Supplementary Figure Legend.
Schematic of Homologous Recombination at the endogenous DmWWOX gene.
We performed “ends-in” targeting essentially as described in Rong et al. 2002.
(a) 5kb genomic region of DmWWOX was amplified from wild-type genomic DNA
and site directed mutagenesis was used to introduce mutations 24 bp downstream of
the start codon. These mutations encode two premature stop codons, a +1 frame shift
and a diagnostic SalI site. In addition, an I-SceI site necessary for the targeting
process was introduced into the third intron. This mutated fragment was cloned into
the pTV2 vector, transformed into wild-type(w1118) flies and used to generate donor
lines for gene targeting. (b) FLP-induced recombination at FRT sites in donor flies
promotes excision and circularisation resulting in extrachromosomal DNA. This is
linearised by digestion with I-SceI and the resultant double strand break facilitates
strand invasion at the homologous DmWWOX gene, and results in the generation of
insertion lines. (c) A “Type II” insertion event is shown with two copies of the
DmWWOX gene separated by the white eye colour marker gene. The engineered
mutations are carried in the 3’ copy of the DmWWOX gene. (d) The presence of an ICreI site provides a site for generation of a double strand break, such that the two
copies of DmWWOX can become aligned and by recombination, reduce the insertion
event to a single copy of DmWWOX. Depending on where recombination has occured
these reduced flies may have regenerated the wild-type DmWWOX gene or
alternatively may have incorporated the engineered mutations into the endogenous
gene, thus generating DmWWOX1.
Methods
Two donor lines of the mutated DmWWOX genomic region in the pTV2 targeting
vector were established by standard transformation procedures into a wild-type (w1118 )

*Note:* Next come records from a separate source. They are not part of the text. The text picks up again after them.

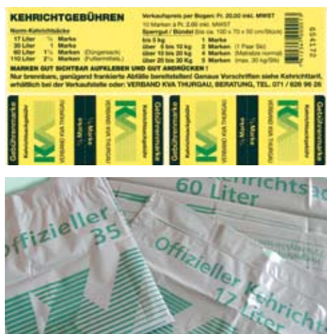
Die offiziellen Gebührenträger der KVA Thurgau.

Die Verkaufsstellen werden in der Woche 25 von den alten Preisen auf die neuen Preise umstellen. Für die Benutzer gilt es Folgendes zu beachten: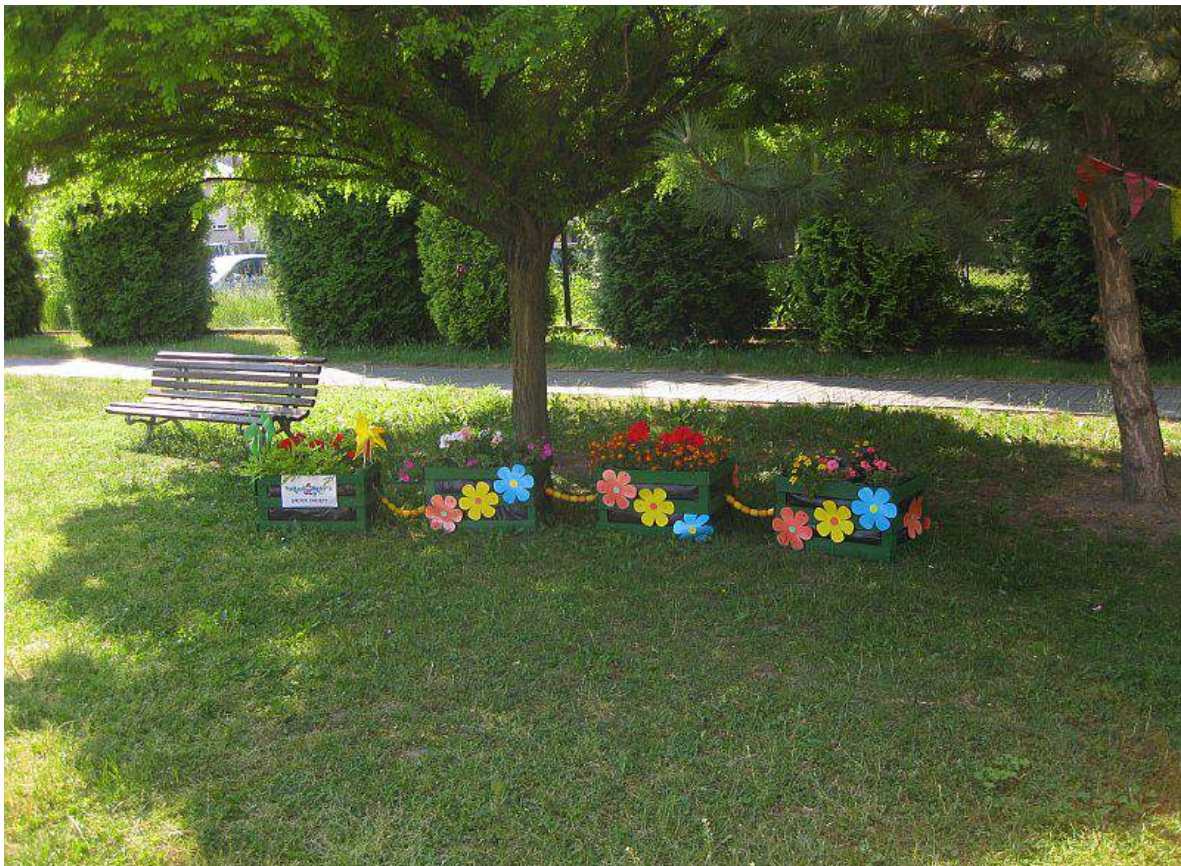
„Kwiecisty pociąg”-zmysł wzroku i węchu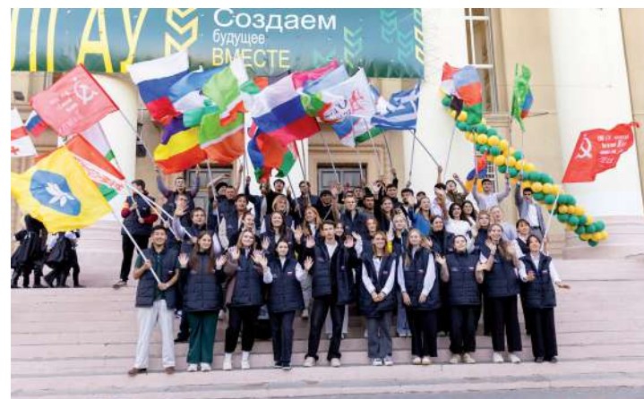
Участники традиционного молодежного фестиваля народов мира «Земля – наш общий дом»

Напомним, в 2005 году в стенах тогда ещё академии состоялся первый Межфакультетский фестиваль национальных культур. За всю историю вуза между обучающимися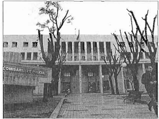
Comisaría Provincial de Málaga.

Esta reclamación se produce días después de que la organización denunciara a nivel nacional que la empresa concesionaria de los servicios de mantenimiento de las instalaciones policiales «in-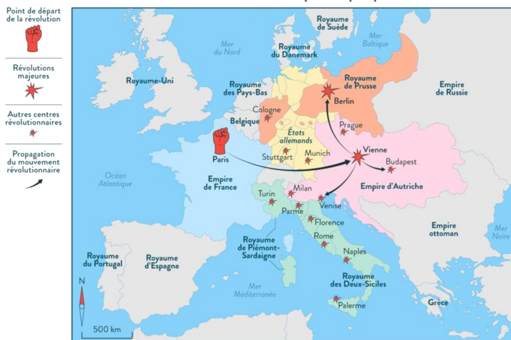
1848 : le Printemps des peuples

La France voit ainsi la IIe République proclamée, et le premier président de la République est élu démocratiquement : Louis-Napoléon Bonaparte. De même, de nouvelles constitutions sont ratifiées, dont la plupart placent en premier article la reconnaissance des peuples, de la Nation et de la souveraineté. Ces constitutions réaffirment le droit aux peuples de décider par eux-mêmes, pour eux-mêmes.

background and mapped to the third chromosome. Virgins of these red eyed (due to
the presence of the white marker gene) stocks were crossed to hsFLP,hs-SceI/TM3Ser
males and the resulting 48-72hr larvae were heat-shocked for 2hr at 37oC. Virgin
females with mosaic eyes were collected and crossed to ey-FLP males. Progeny from
this cross were screened for any flies with a solid red eye indicating they now carry
the marker gene, indicative of an insertion event. This differentiates them from the
original donor lines which would continue to produce mosaic eyes in the presence of
ey-FLP. The number of flies screened was estimated by weight (1 fly is approx. 1 mg)
and 5 insertion events were detected out of approximately 193,000 flies scored. Four
of these insertion lines mapped to the second chromosome (the location of the
endogenous DmWWOX gene) whilst the fifth mapped to the X chromosome and was
discarded. To perform the reduction, each of the four insertion lines was crossed to
hs-CreI/TM6B and 48-72hr larvae were heat-shocked for 1hr at 36oC. Males with
mosaic eyes were obtained with two of the insertion lines, indicating that the marker
gene had been lost in some cells. White eyed progeny were obtained from multiple
mosaic males in one of these lines, suggesting that the reduction had occurred in the
germline. These white eyed males were crossed to balancers to make stocks and
homozygous flies were then tested by PCR and sequencing for the presence of the
engineered mutations.
The pTV2 targeting vector and fly lines for the targeting were a kind gift from K.
Golic. Full genotypes of these stocks are w1118; [70FLP][70I-SceI]/TM3Ser
(hsFLP,hs-SceI/TM3Ser) and w1118; v,{v+,70I-CreI]1A/TM6B (hsI-CreI/TM6B).
yw, FRT19A; ey-FLP (ey-FLP) and w1118 (wild-type) was obtained from the
Bloomington Drosophila Stock Center (Indiana University, Bloomington, IN).